Task details: What should be copied is the stretch of entries below from the line with "На утрене архипастыри" up to and including the line with "Quando Catey Hall", exactly and without images.

Task input:
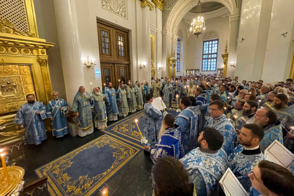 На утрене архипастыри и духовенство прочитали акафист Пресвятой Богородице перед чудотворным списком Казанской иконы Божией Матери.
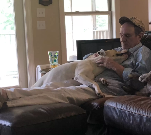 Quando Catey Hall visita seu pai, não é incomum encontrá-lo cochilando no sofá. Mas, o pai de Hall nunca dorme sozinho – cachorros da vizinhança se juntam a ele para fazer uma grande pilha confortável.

--

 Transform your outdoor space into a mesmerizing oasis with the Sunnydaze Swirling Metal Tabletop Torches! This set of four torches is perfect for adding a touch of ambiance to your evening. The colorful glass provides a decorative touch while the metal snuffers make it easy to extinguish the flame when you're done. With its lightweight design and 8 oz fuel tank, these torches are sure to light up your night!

Output below:
 На утрене архипастыри и духовенство прочитали акафист Пресвятой Богородице перед чудотворным списком Казанской иконы Божией Матери.
 Quando Catey Hall visita seu pai, não é incomum encontrá-lo cochilando no sofá. Mas, o pai de Hall nunca dorme sozinho – cachorros da vizinhança se juntam a ele para fazer uma grande pilha confortável.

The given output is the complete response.